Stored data

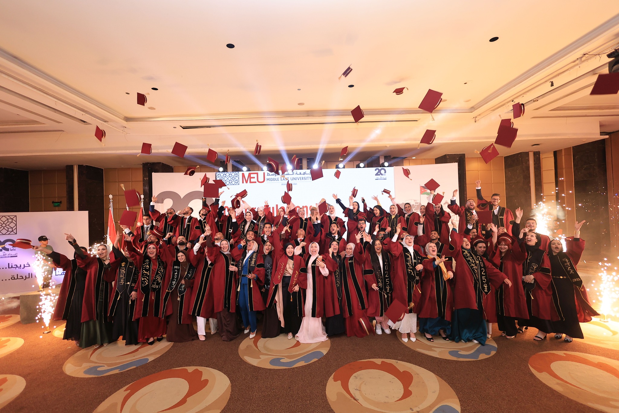 في أجواءٍ تغمرها مشاعر الفخر والاعتزاز، أقامت جامعة الشرق الأوسط حفلَ تخريجٍ مهيب لعددٍ من طلبتها المصريين في العاصمة المصرية القاهرة، بحضور نخبة من الشخصيات الرسمية والأكاديمية، وجمعٍ كبيرٍ من أهالي الخريجين وذويهم.
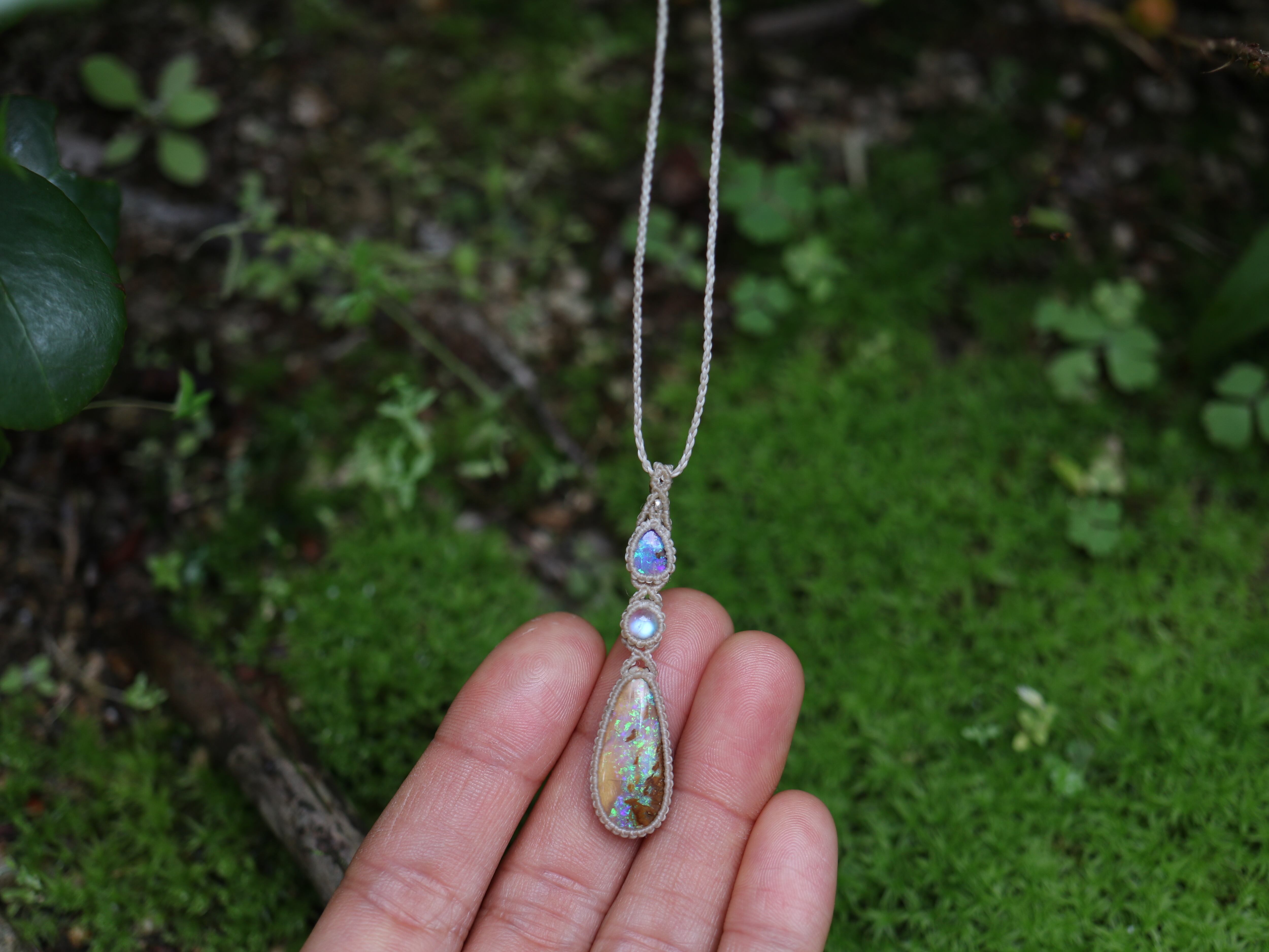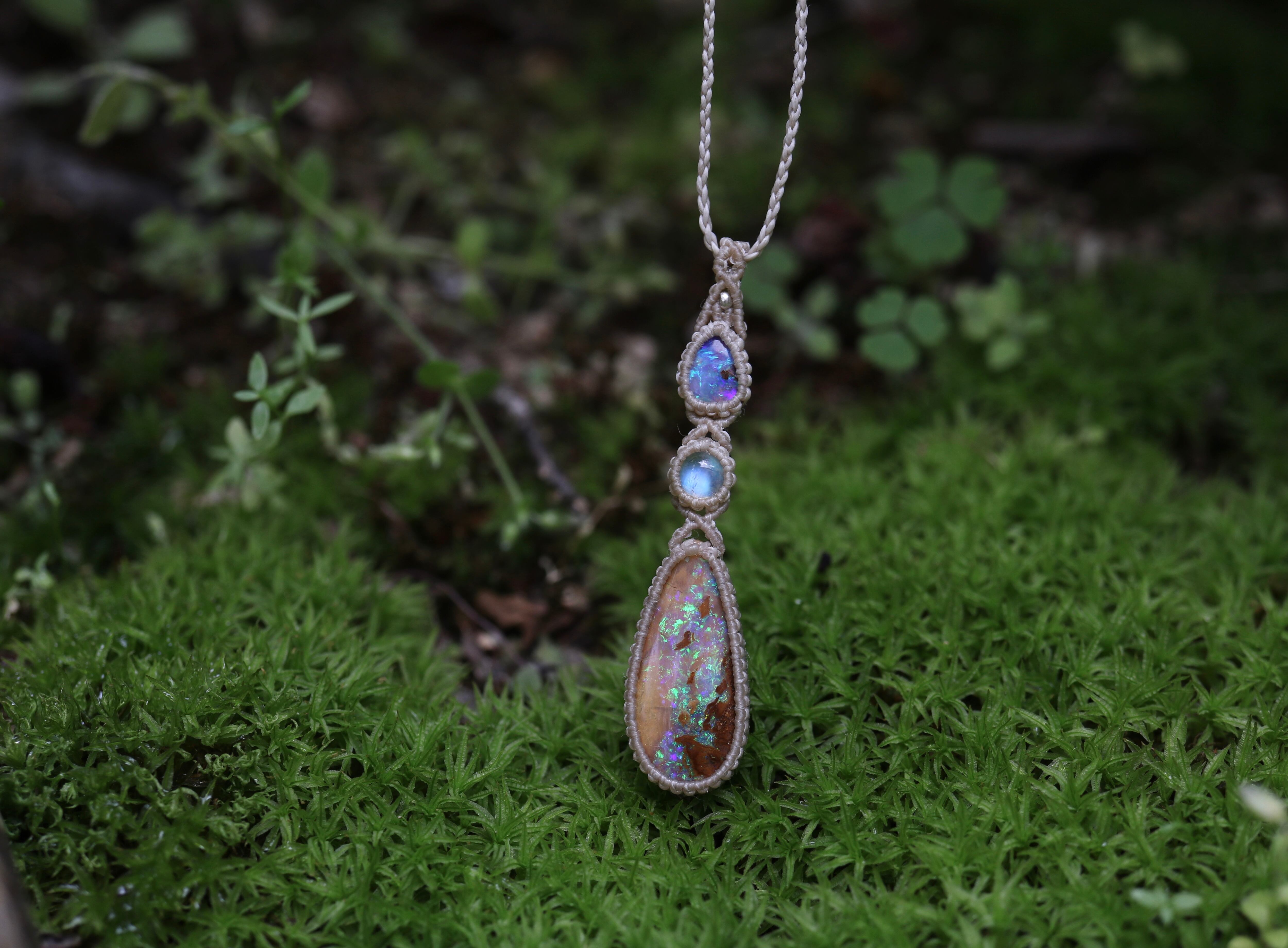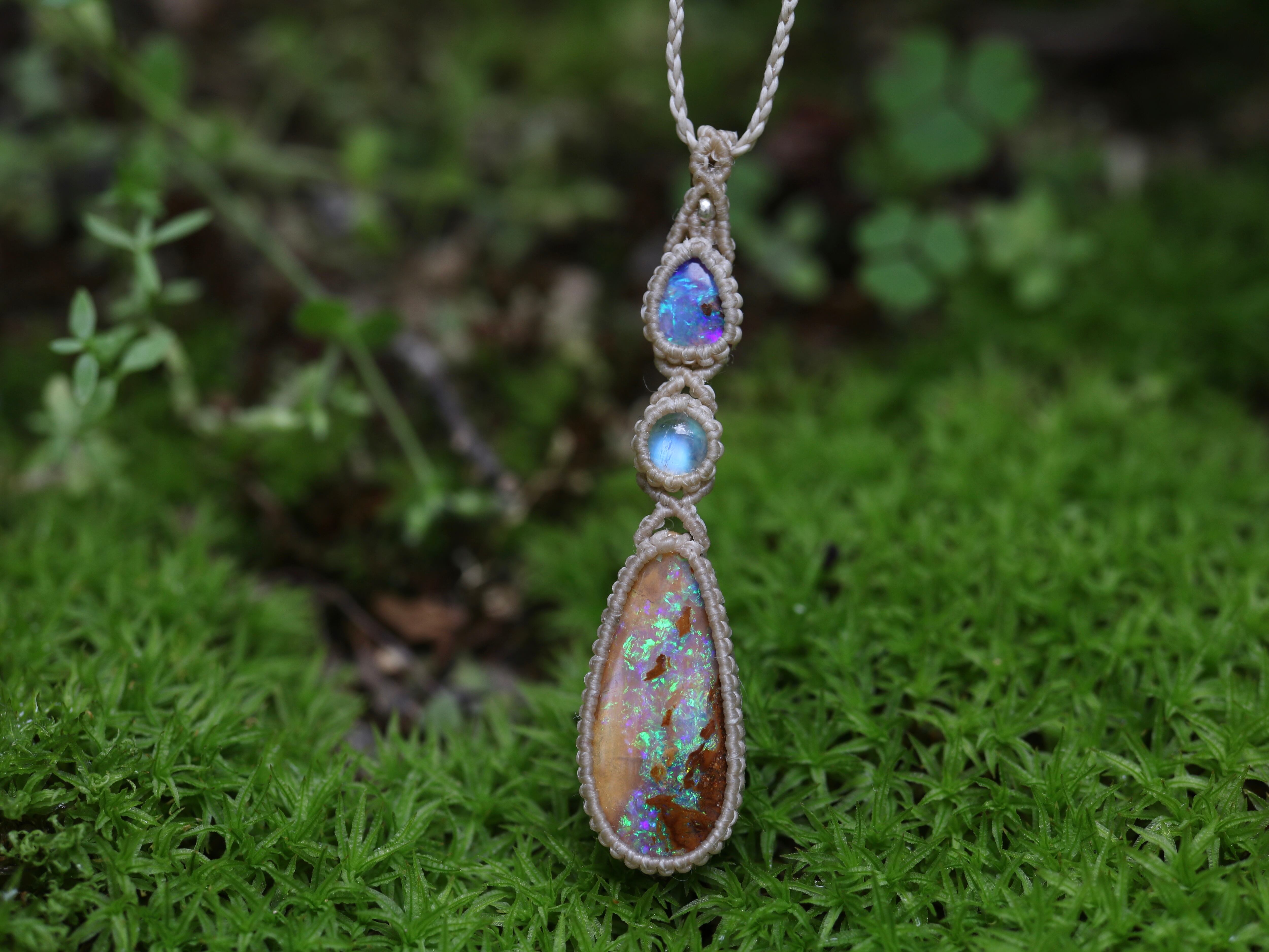 滴型、紫色のオーストラリア産オパールとムーンストーンを合わせて
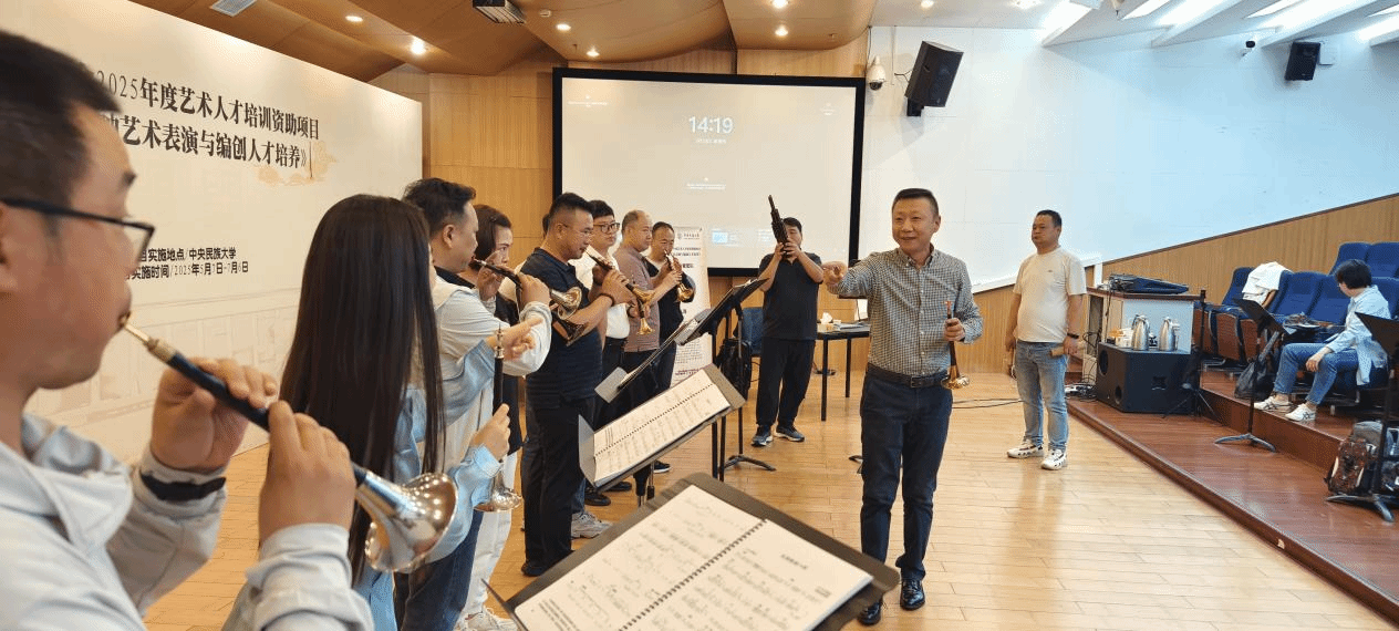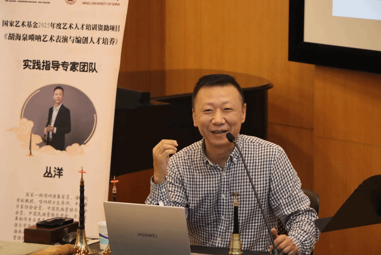 2025年5月23日,澳门pg音乐系丛洋副教授,受中央民族大学音乐学院胡美玲老师之邀,出席国家艺术基金2025年度艺术人才培训资助项目活动——《胡海泉唢呐艺术表演与编创人才培养》,为全国各省40多名优秀学员进行唢呐专家授课。
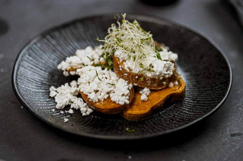 Honningbakt søtpotet og fetaost, ristede solsikkekjerner
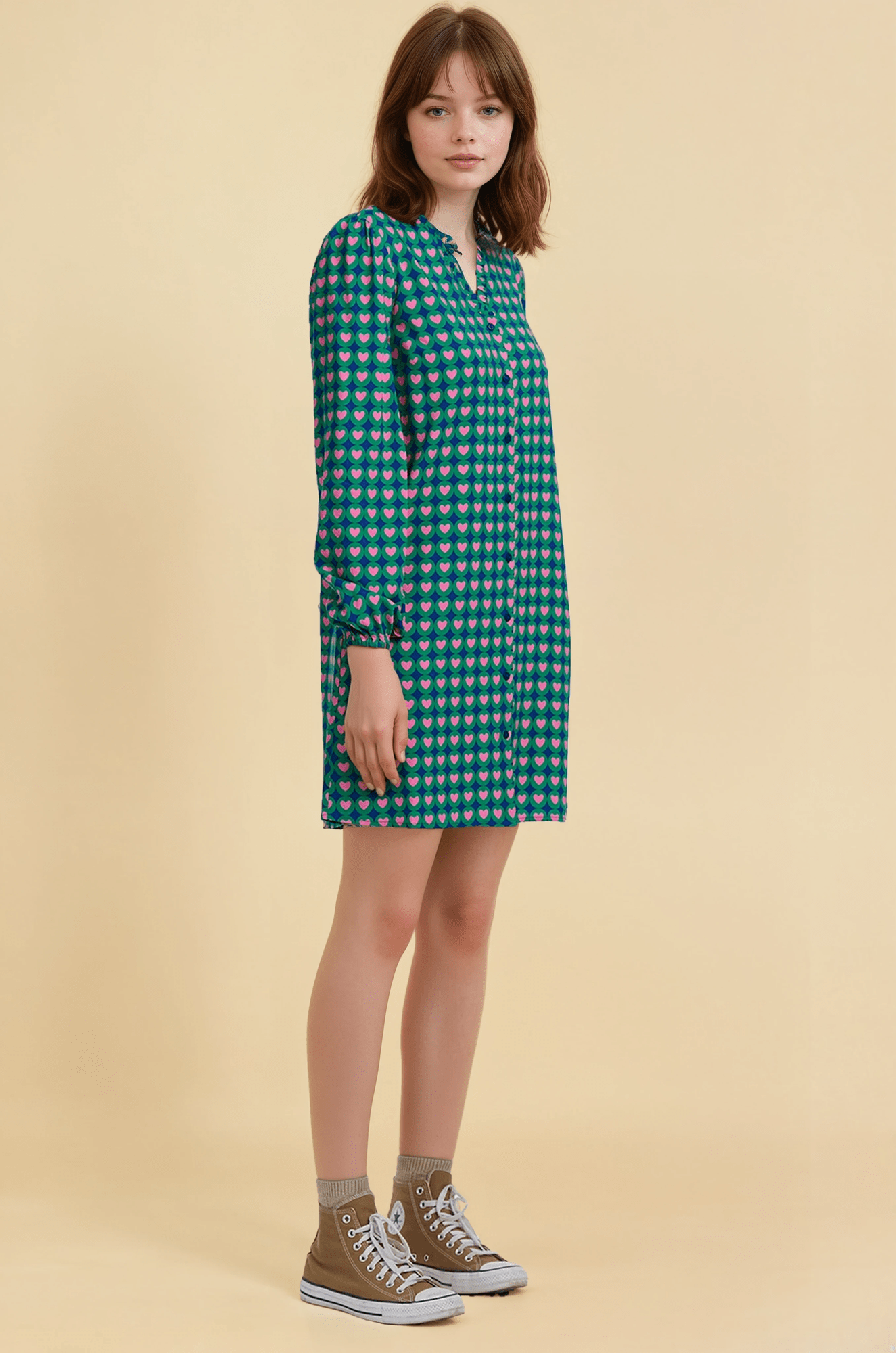 Descubre el Vestido corto estampado de corazones en Glüsshoptienda de ropa online y tienda física situada en la ciudad de Murcia, especializada en moda original, colorida y diferente para mujer.

GOAL OF THE EXERCISE: Give again, word for word, the lines above from the first one through the one containing "Honningbakt søtpotet og"; no pictures.

SOLUTION TO THIS PROBLEM:
 في أجواءٍ تغمرها مشاعر الفخر والاعتزاز، أقامت جامعة الشرق الأوسط حفلَ تخريجٍ مهيب لعددٍ من طلبتها المصريين في العاصمة المصرية القاهرة، بحضور نخبة من الشخصيات الرسمية والأكاديمية، وجمعٍ كبيرٍ من أهالي الخريجين وذويهم.
 滴型、紫色のオーストラリア産オパールとムーンストーンを合わせて
 2025年5月23日,澳门pg音乐系丛洋副教授,受中央民族大学音乐学院胡美玲老师之邀,出席国家艺术基金2025年度艺术人才培训资助项目活动——《胡海泉唢呐艺术表演与编创人才培养》,为全国各省40多名优秀学员进行唢呐专家授课。
 Honningbakt søtpotet og fetaost, ristede solsikkekjerner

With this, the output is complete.